#### [Input for this task]
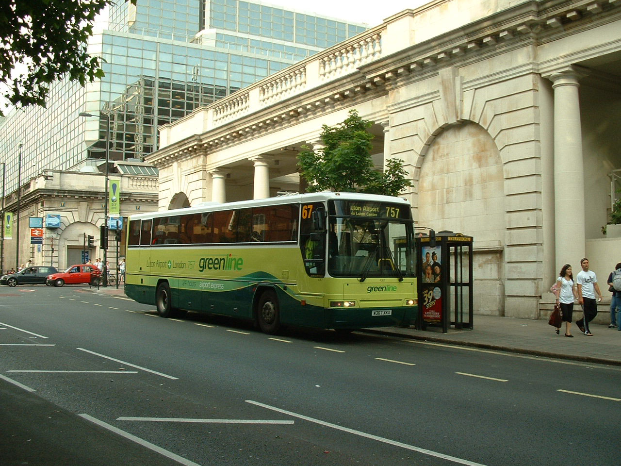 At the end of 2005 a fleet of disabled access Van Hool bodied VDL SB4000 coaches entered service on the 757 between Victoria and Luton Airport. Arriva the Shires 4069 (YJ55WSZ) is seen in Victoria in June 2007, the offside view hides the second door these coaches have at the front for wheelchair access. |
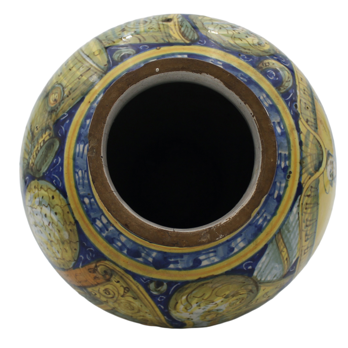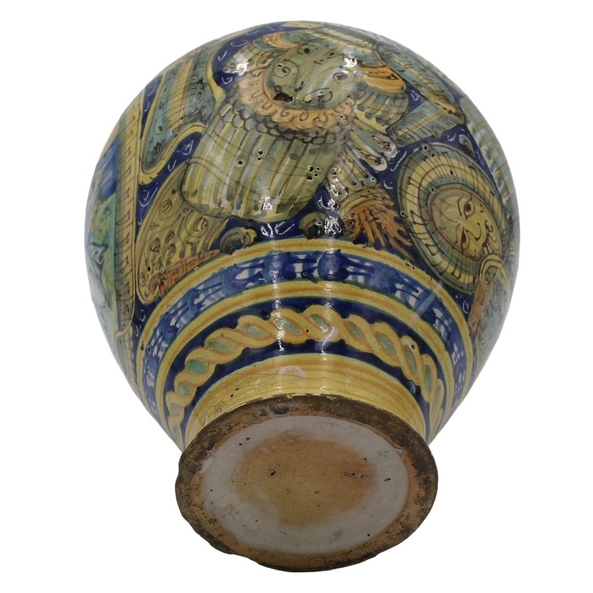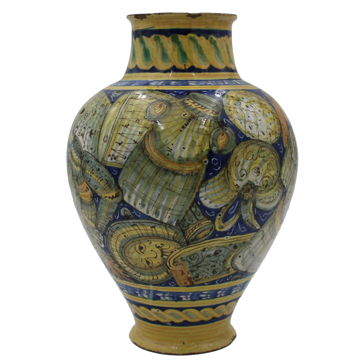 € 3.000Antica maiolica con Santo sul fronte e decoro sul retro a trofei e mascheroni (failure sul collo e lievi failure alla base). Palermo. Inizi del secolo XVII. Cm h 34
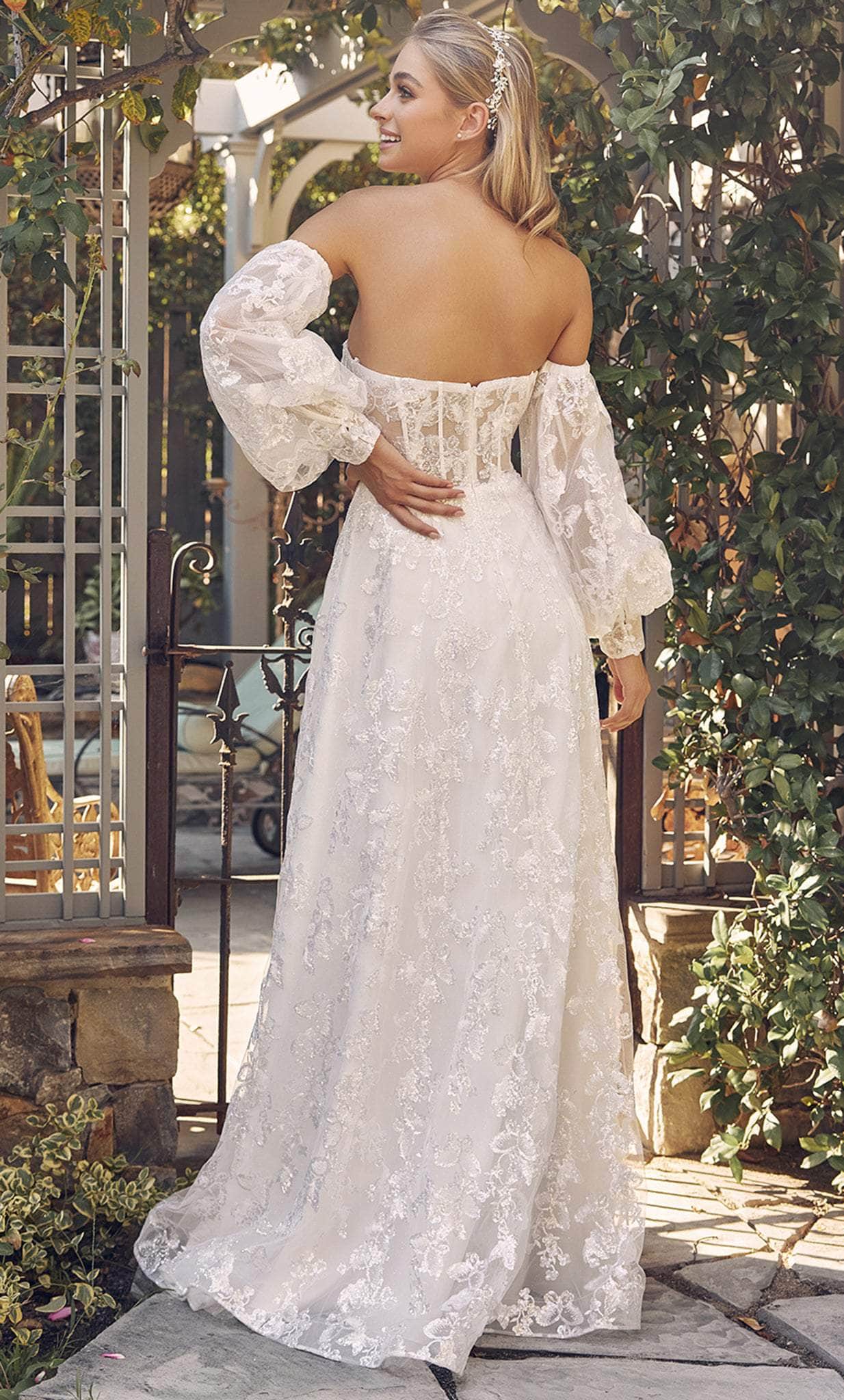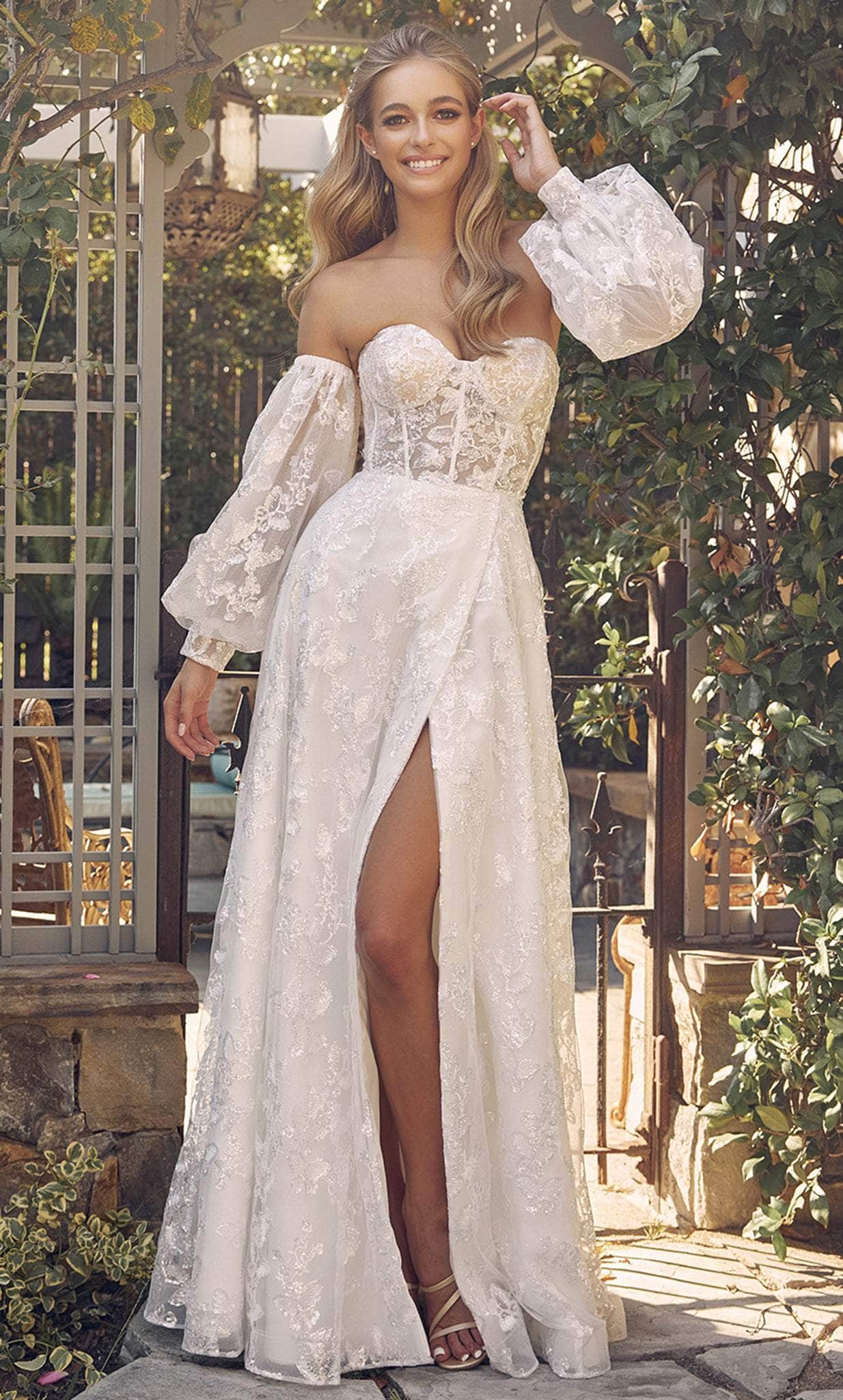 You are more than gorgeous when you wear this unbeatable dress from Nox Anabel K1155W. Gives some Bohemian motif with its puffy detachable long sleeves with a strapless sweetheart neckline. Bodice is corseted to fit it exactly to the wearer’s figure. Has a high slit on one side of A-line silhouette and the whole material is design with embroidery details. Leave a trail of admirers as you glisten in beauty in this Nox Anabel K1155W masterpiece. Model is wearing White color.
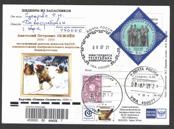 ПК № 291. Шедевры из запасников. А.П. Лежнёв. (1888-1956). Поимки Салавата. 28 июня 2021 г. Тир.: 104 экз. Номерная. Основная м. на почте погашена СШ-лем «Ими гордится Республика Башкортостан», доплатные, в т. ч. и на обороте - обычным КШ-лем. На ПК отпечатаны логотипы ОФБ, музея почты и АО «Почта России».
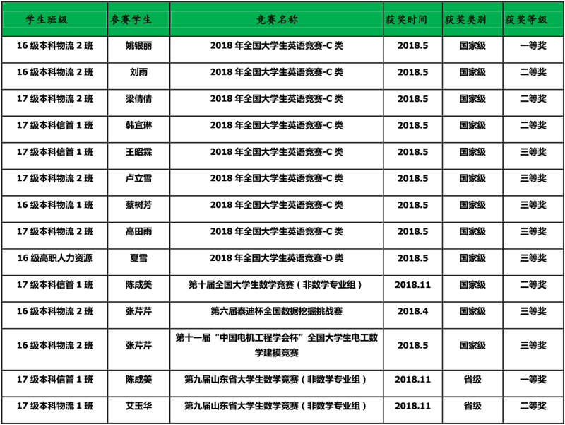 365best体育亚洲官网2018年学生参加各级各类竞赛获奖
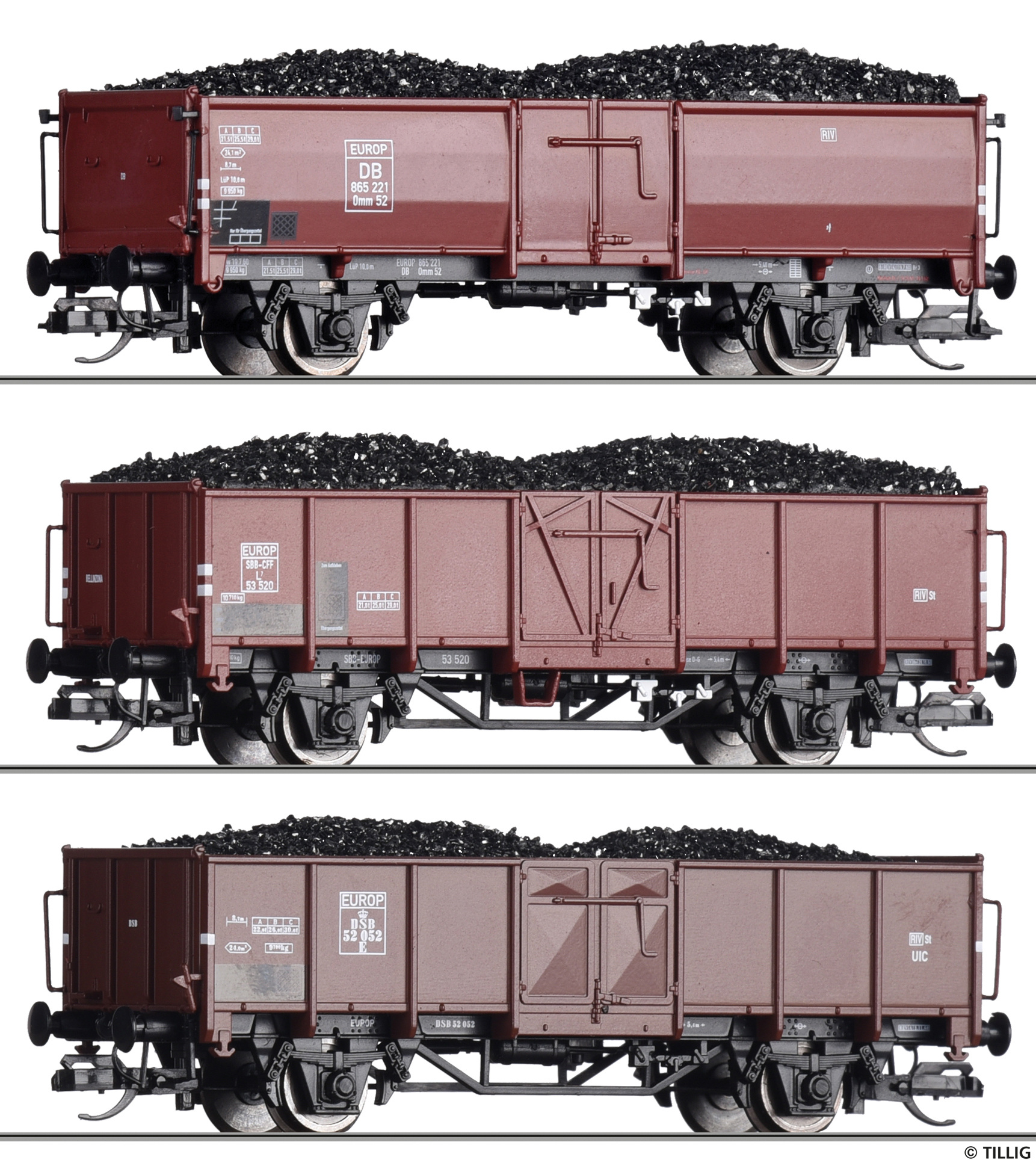 Popis   set tří otevřených nákladních vozů s nákladem uhlí

#### [Brief]
The reply should consist only of the lines from the top of the material above through the line with "XVII. Cm h 34", printed exactly, pictures omitted.

#### [Answer for this exercise]
 At the end of 2005 a fleet of disabled access Van Hool bodied VDL SB4000 coaches entered service on the 757 between Victoria and Luton Airport. Arriva the Shires 4069 (YJ55WSZ) is seen in Victoria in June 2007, the offside view hides the second door these coaches have at the front for wheelchair access. |
 € 3.000Antica maiolica con Santo sul fronte e decoro sul retro a trofei e mascheroni (failure sul collo e lievi failure alla base). Palermo. Inizi del secolo XVII. Cm h 34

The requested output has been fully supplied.